# Pentation

In mathematics, Pentation is the operation of repeated tetration, just as tetration is the operation of repeated exponentiation.[1]

Pentation can be written in Knuth's up-arrow notation as $a \uparrow \uparrow \uparrow b$ or $a \uparrow^{3}b$. In this notation, $a\uparrow b$ represents the exponentiation function $a^b$, which may be interpreted as the result of repeatedly applying the function $x\mapsto ax$, for $b$ repetitions, starting from the number 1. Analogously, $a\uparrow\uparrow b$, tetration, represents the value obtained by repeatedly applying the function $x\mapsto a\uparrow x$, for $b$ repetitions, starting from the number 1. And the pentation $a \uparrow \uparrow \uparrow b$ represents the value obtained by repeatedly applying the function $x\mapsto a\uparrow\uparrow x$, for $b$ repetitions, starting from the number 1.[2][3] Alternatively, in Conway chained arrow notation, $a\uparrow\uparrow\uparrow b = a\rightarrow b\rightarrow 3$.[4] Until a consensus for the definition of tetration to real heights is reached, pentation can't even be defined to an integer exponent higher than 1 when its base is not a whole number.[citation needed]

The values of the pentation function may also be obtained from the values in the fourth row of the table of values of a variant of the Ackermann function: if $A(n,m)$ is defined by the Ackermann recurrence $A(m-1,A(m,n-1))$ with the initial conditions $A(1,n)=an$ and $A(m,1)=a$, then $a\uparrow\uparrow\uparrow b=A(4,b)$.[5]

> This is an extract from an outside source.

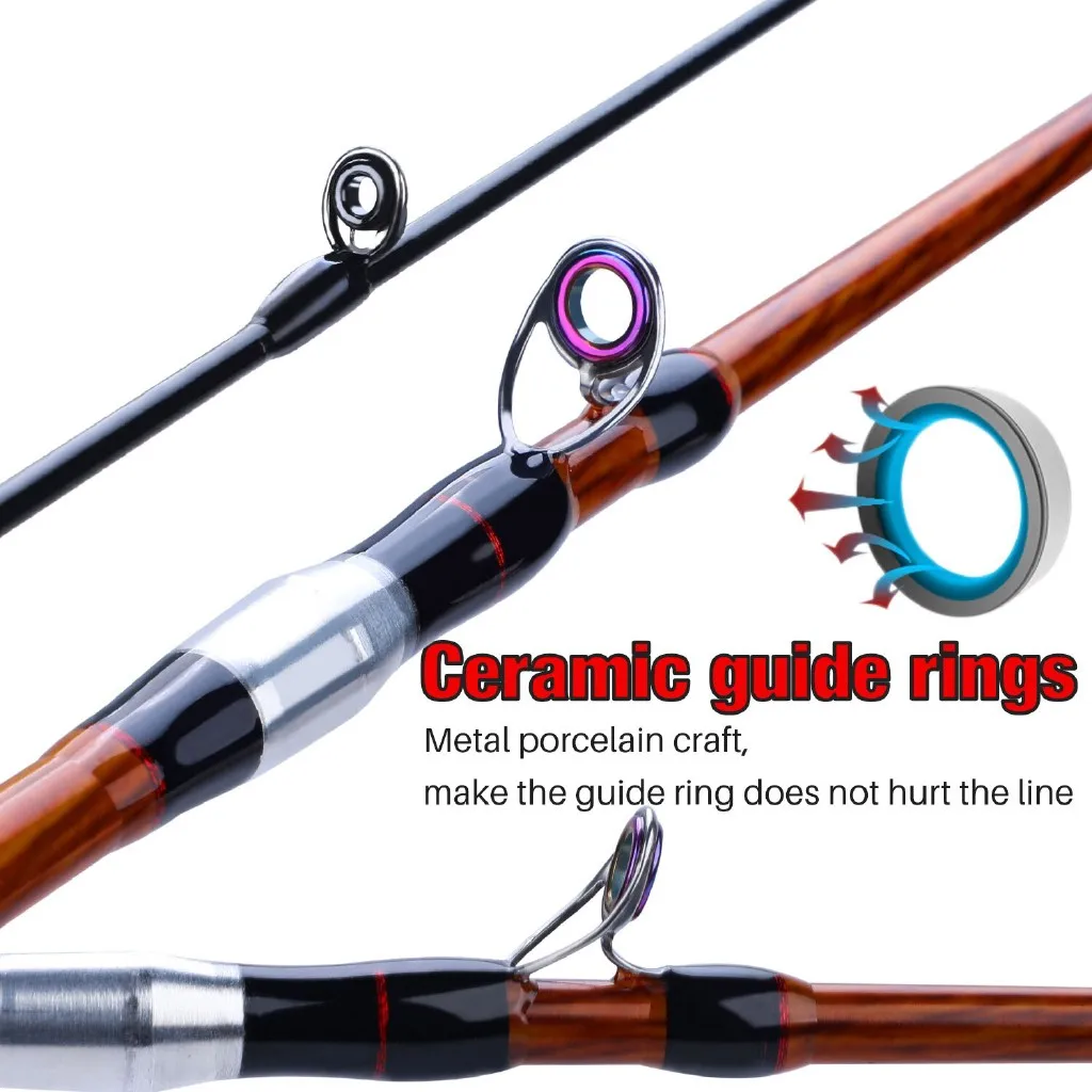 1. Esta caña de pescar está hecha de fibra de carbono, resistente y duradera.

The word "Pentation" was coined by Reuben Goodstein in 1947 from the roots penta- (five) and iteration. It is part of his general naming scheme for hyperoperations.[6]

## References

1. ^ Perstein, Millard H. (June 1962), "Algorithm 93: General Order Arithmetic", Communications of the ACM 5 (6): 344, doi:10.1145/367766.368160.
2. ^ Knuth, D. E. (1976), "Mathematics and computer science: Coping with finiteness", Science 194 (4271): 1235–1242, doi:10.1126/science.194.4271.1235, PMID 17797067.
3. ^ Blakley, G. R.; Borosh, I. (1979), "Knuth's iterated powers", Advances in Mathematics 34 (2): 109–136, doi:10.1016/0001-8708(79)90052-5, MR 549780.
4. ^ Conway, John Horton; Guy, Richard (1996), The Book of Numbers, Springer, p. 61, ISBN 9780387979939.
5. ^ Nambiar, K. K. (1995), "Ackermann functions and transfinite ordinals", Applied Mathematics Letters 8 (6): 51–53, doi:10.1016/0893-9659(95)00084-4, MR 1368037.
6. ^ Goodstein, R. L. (1947), "Transfinite ordinals in recursive number theory", The Journal of Symbolic Logic 12: 123–129, MR 0022537.